Introduction
You know this feeling.
You wake up already braced. Your chest tightens for no clear reason. You cannot quite relax even when everything around you is calm. Maybe you startle easily. Your mind races at night. You feel fine one moment and overwhelmed the next.
Or maybe it is bigger. Panic that arrives without warning. A heaviness that makes it hard to move. The sense that your body is constantly preparing for something that never comes.
If this sounds familiar, you are not imagining it. And you are not broken.
Your Nervous System Has Its Own Logic
What you are experiencing has a logic to it. Your nervous system is doing what it was designed to do. It is responding to signals, trying to keep you safe. The problem is that sometimes this protective system gets stuck. It responds to the present as if it were the past. It does not know that the danger has passed.
For a long time, scientists understood the autonomic nervous system as having two modes: sympathetic (fight or flight) and parasympathetic (rest and digest). But this model is incomplete. It does not explain what happens when your nervous system responds to overwhelming threat by shutting down rather than fighting or fleeing.

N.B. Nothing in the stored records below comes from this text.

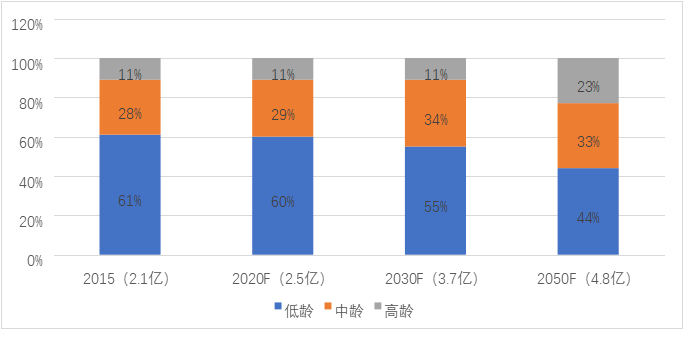 图 分年龄段老年人口占比趋势预测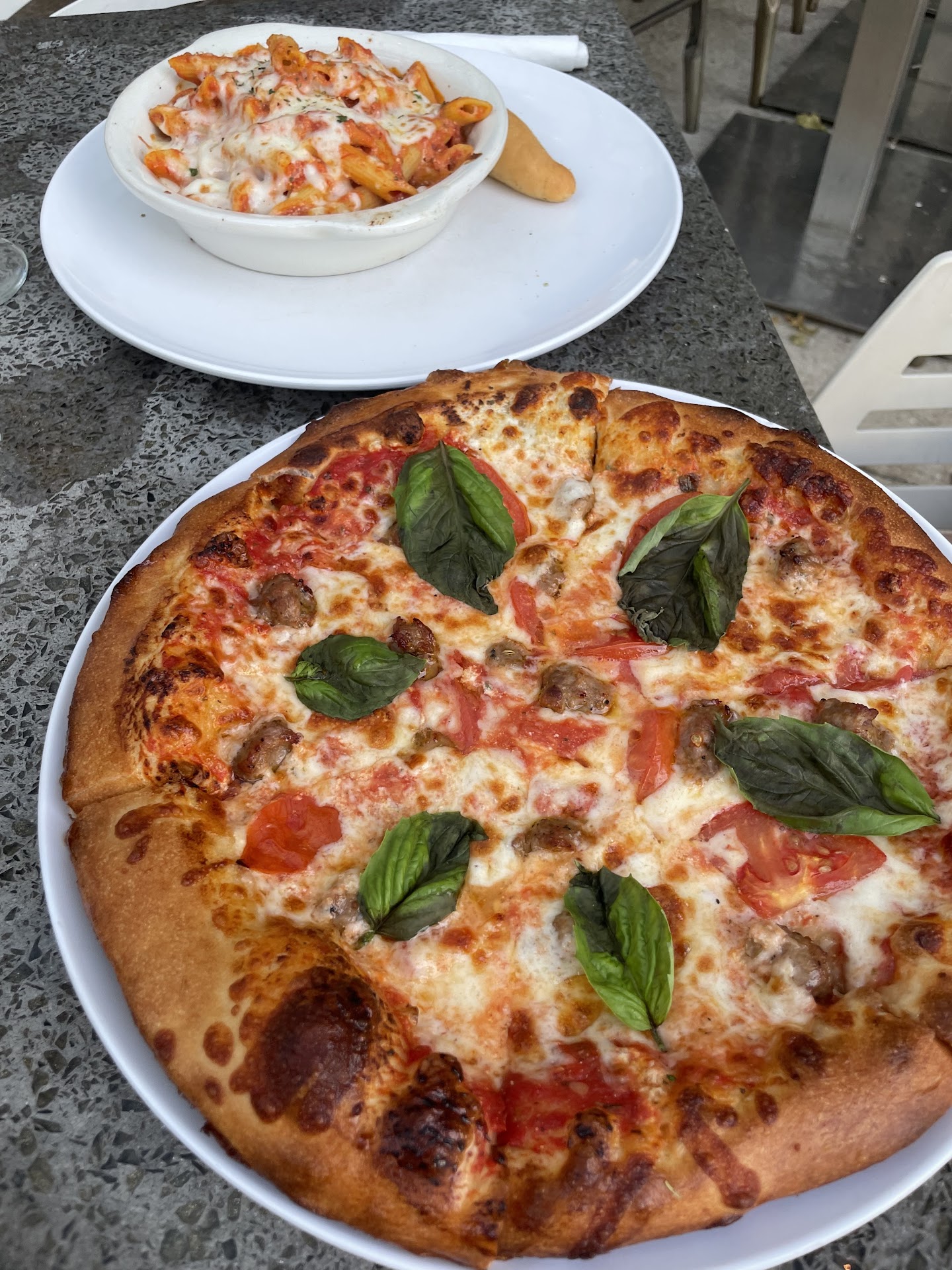 We were promptly seated out on the patio where we could people watch and enjoy the weather. Our drinks orders were taken promptly and we decided to order a few different pizzas. My daughter and I split the 16" Clemenza. It was was delicious -- the pepperoni and italian sausage pizza was great. I particularly enjoyed the thinly cut bell peppers (usually they are a tad raw and huge - these were very thinner sliced and cooked well). If you love sauce, I'd get some pizza sauce on the side to dip crust, that was the only downsides of the meal. The wife ordered the Da Vinci pizza which I was not a fan of; why would you order a pizza and then put a salad with balsamic vinegar on top? But she loved it and thought the pizza was very fresh. My youngest daughter got the kid's cheese pizza and it was awesome. It had great cheese pull and she scarred the whole thing. This was not one of those 'kids will eat whatever' meals, this was a great pizza in its own right. We got some Tiramisu to go and it was also delicious later at home.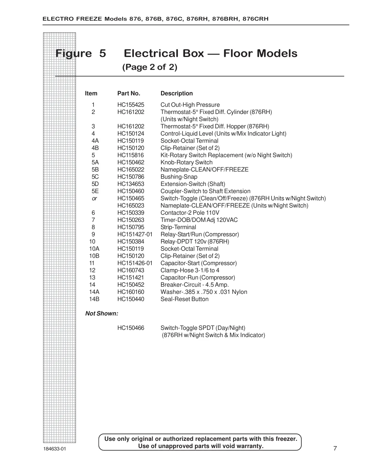 ELECTRO FREEZE Models 876, 876B, 876C, 876RH, 876BRH, 876CRH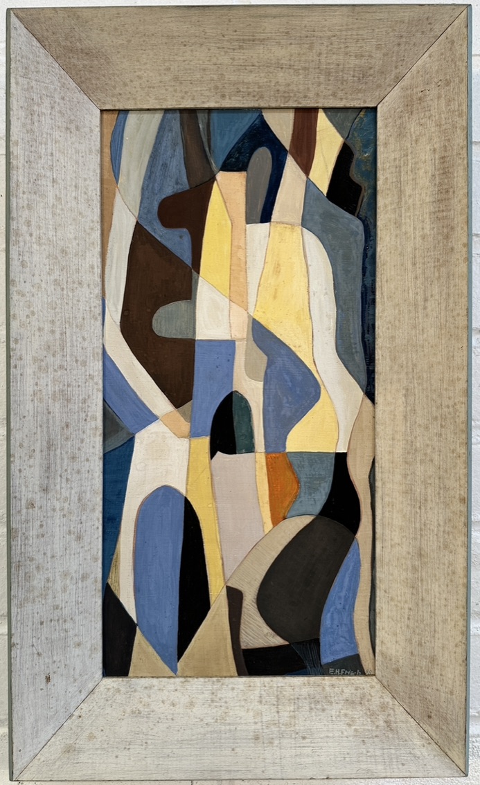 A modernist geometric abstract composition. Oil on artist board, in white painted frame.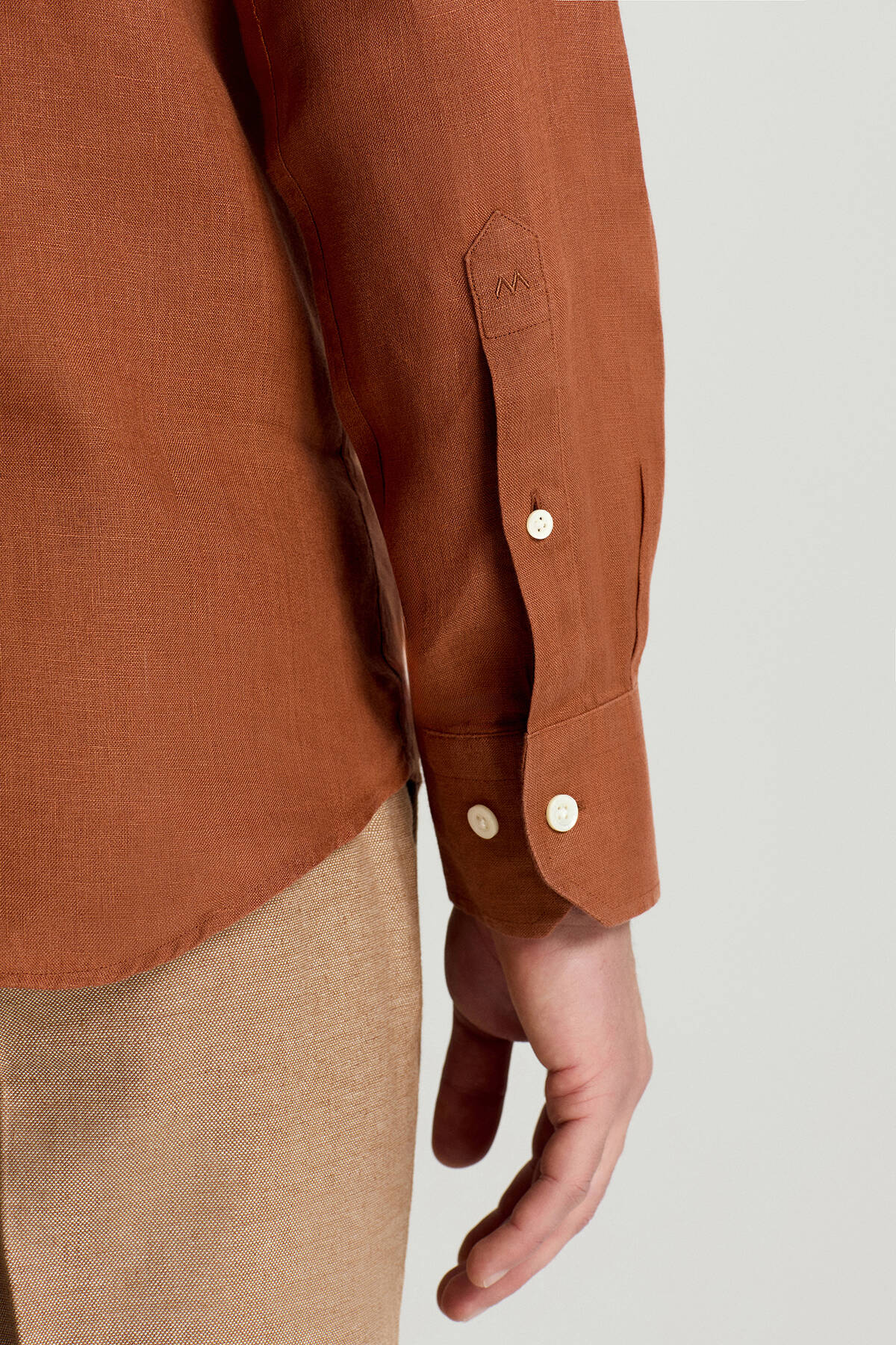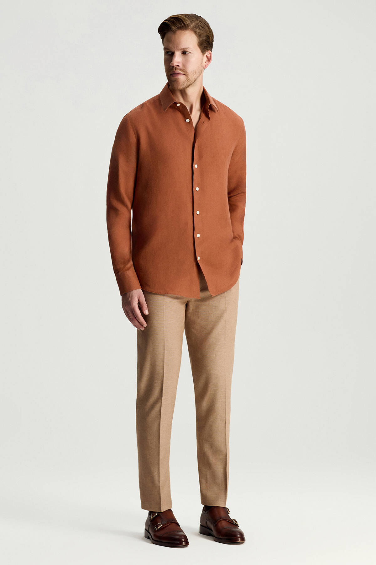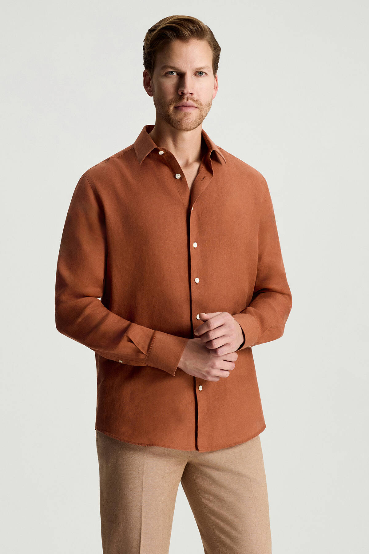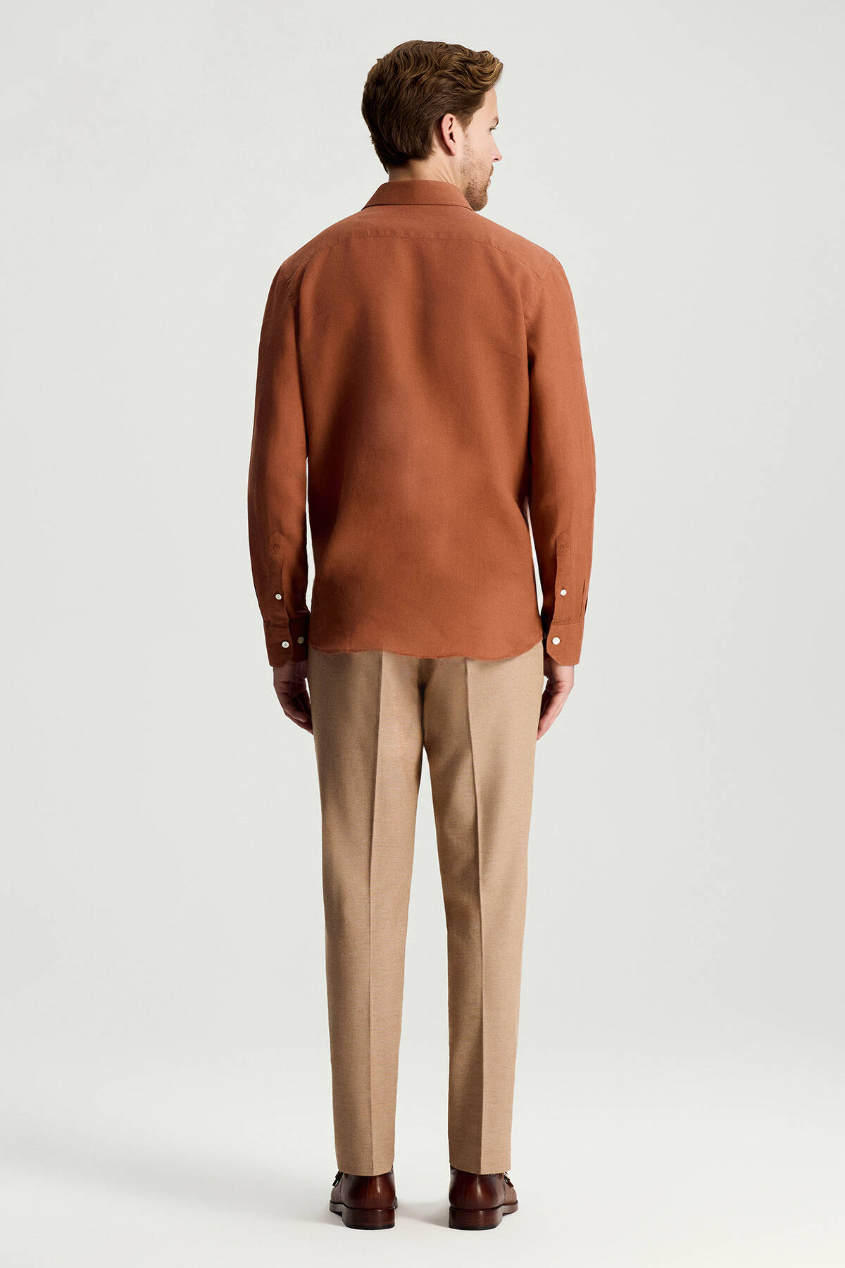 Kiremit Rengi Saf Keten Spor Gömlek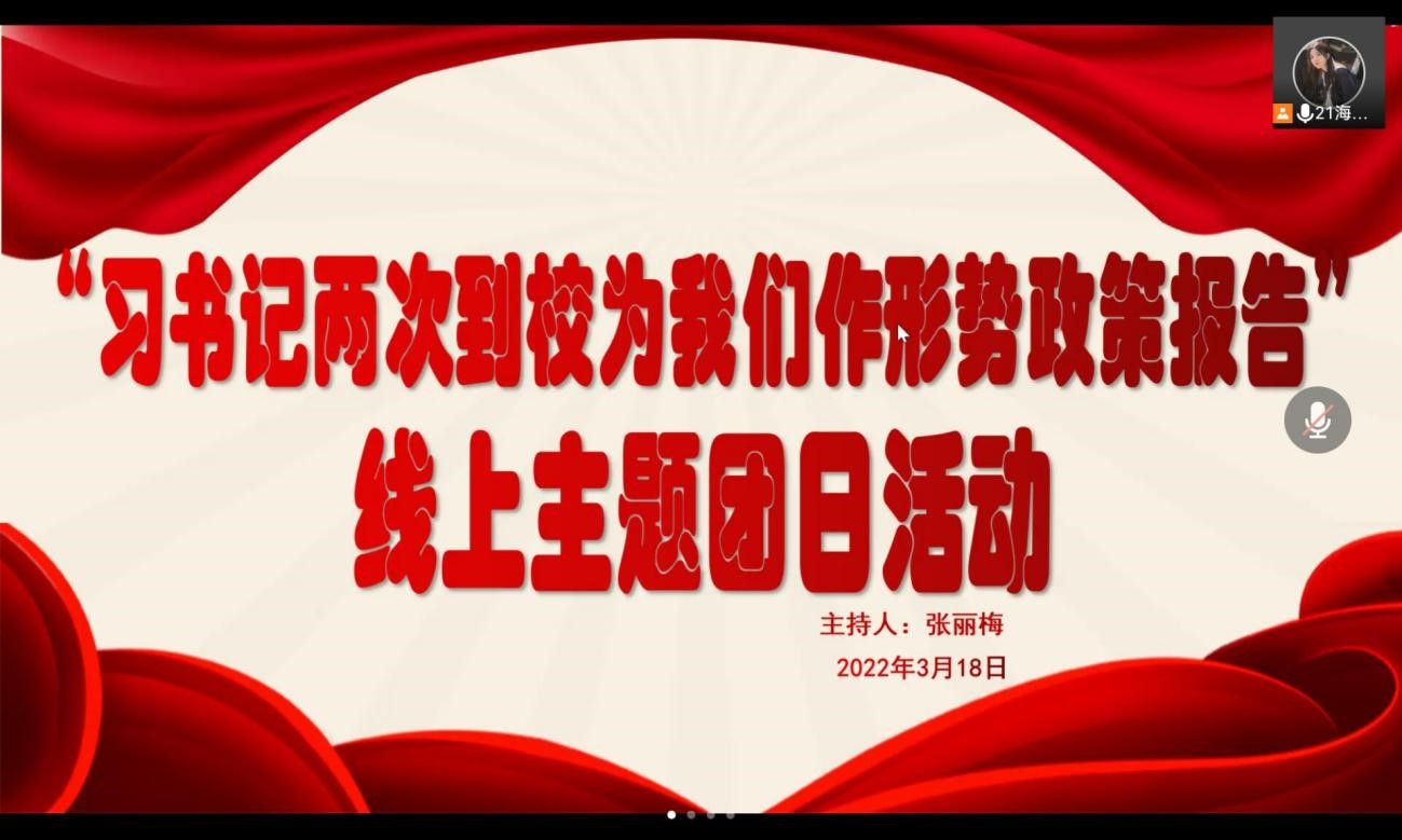 通过学习习近平总书记多年来与大学生之间的生动故事,2021级海洋资源开发技术1班团支部深刻感悟了习近平总书记关于青年工作的重要思想的热情关怀和以习近平同志为核心的党中央对青年学生的期望和要求。为了努力成长为德智体美劳全面发展的社会主义建设者和接班人,21海洋班于2022年3月18日开展学习“习书记两次到校为我们作形式政策报告”线上主题团日活动。

More recent research, particularly Stephen Porges' polyvagal theory, reveals that there are actually three main states your nervous system moves through:
Calm and Connected
You are alert but not stressed. Present in your body. Able to engage with the world. This is sometimes called the window of tolerance.
Activated
Your sympathetic system has taken over. This is anxiety, panic, hypervigilance, racing thoughts, tension, irritability. Your body is preparing for danger, whether or not actual danger is present.
Shutdown
The dorsal vagal system has taken over. This is numbness, heaviness, disconnection, exhaustion, hopelessness. Your body has stopped fighting and collapsed into protective stillness.
Most people move between these states throughout the day without noticing. The problem comes when the system gets stuck.
"None of this is a character flaw. It is not weakness. It is not a lack of discipline. Your nervous system is doing what it was designed to do. It is trying to protect you. The problem is that the protection has become the problem."